Comparing ECAP and helicity in Fig. 8, they are somewhat inversely proportional i.e., regional decrease in helicity intensity is accompanied by ECAP increase and vice versa. Therefore, a high helicity intensity strengthens the positive impact of helical flow in reducing luminal surface adhesion/deposition. In addition to ageing, AF affects the helicity by reducing it significantly during the LVSD, while it raises due to the HFF. As shown in Fig. 8g and comparing the results of the ECAP and helicity intensity, the aforementioned points are confirmed.

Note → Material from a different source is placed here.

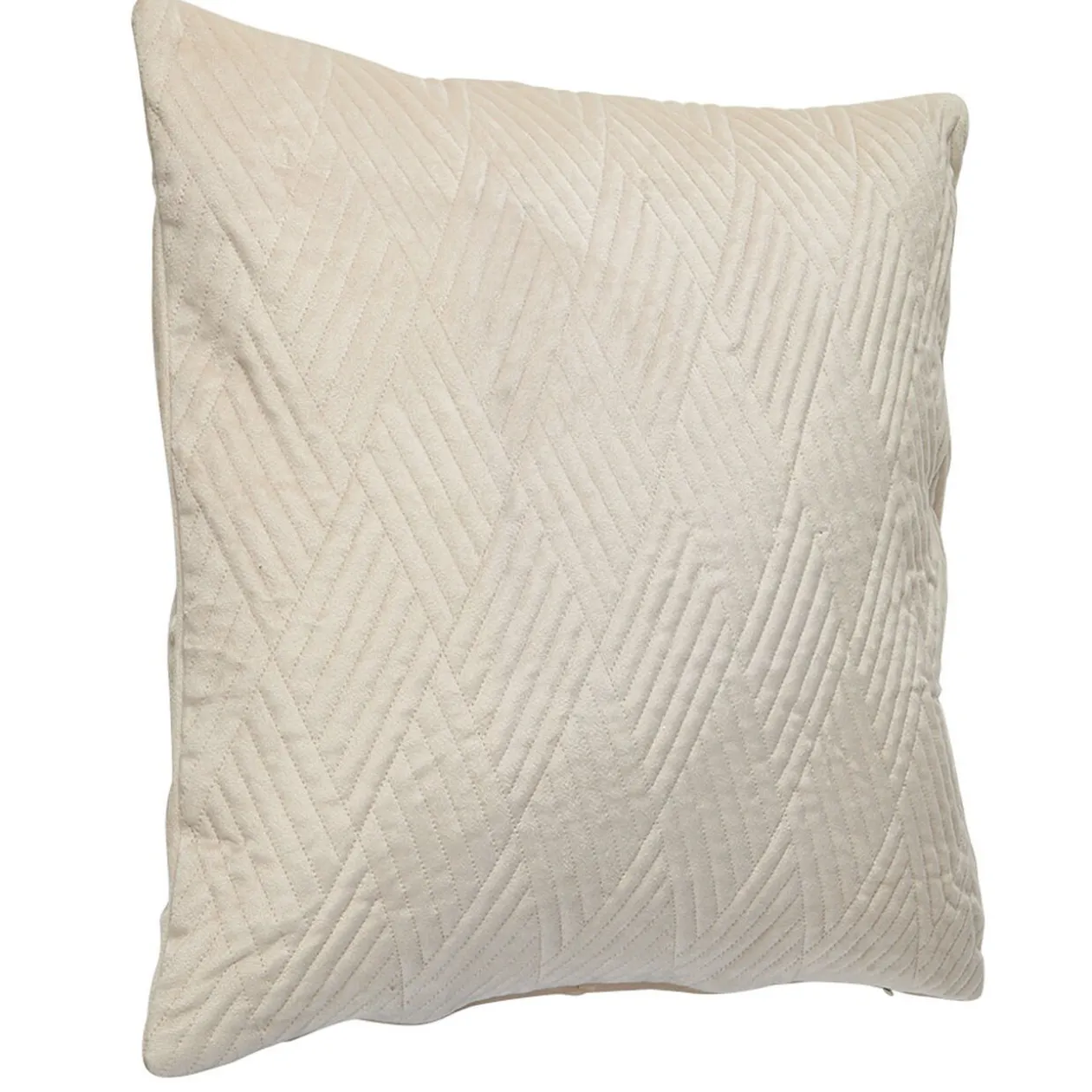 Housse de coussin carrée beige en velours et au motif pinsonic.

Therefore, as a summary of the current study the following points are outlined: (i) current meta-analysis confirmed that ageing independently causes aortic dilation and arch unfolding. (ii) high intensity TV at the AA and aortic arch in younger/normal cases are reduced by ageing/AF-LVSD, which is accompanied by occurrence of weaker helicity and vorticity, and higher ECAP, (iii) ageing and AF-LVSD can slightly decrease flow percentage through the SAT, which leads to cerebral hypoperfusion as confirmed in several studies.1,32,62 (iv) ageing due to its morphological changes and elderly hypertension, diminishes the quality of haemodynamic metrics that are mostly reflected as high ECAP and low helicity. Furthermore, once it accompanies with the AF-LVSD, the situation worsens. (v) based on discrete region analysis of the aorta and two measured risk factors (high ECAP and low helicity intensity), it was found that PDTA, DDTA, DAA, AAA are the most vulnerable regions to the vascular damage, respectively. Therefore, the findings suggest that amongst the older people, simultaneous occurrence of mean pressure growth, arterial stiffening, arterial dilation, and aortic arch unfolding increase the risk of arterial wall damage and thrombogenesis. Therefore, the current results suggest that, ageing on its own is a threatening factor for the AF patients, irrespective of previous history of other CVDs or underlaying diseases.

Limitations

The following considerations could improve the present findings: (1) employing the subject-specific velocity profile at the aortic entrance would improve the accuracy of the results, however, it requires a large dataset of AF patients to evaluate possible variations of inlet velocity, (2) assimilating the wall elasticity for central arteries could improve the results accuracy, while it would require to consider the local variations of elasticity and wall thickness with age in different populations, and (3) While it has been perceived that the coronary resistance changes during AF,41 further investigations are required to recognise possible changes in flow characteristics through the aortic branches during AF.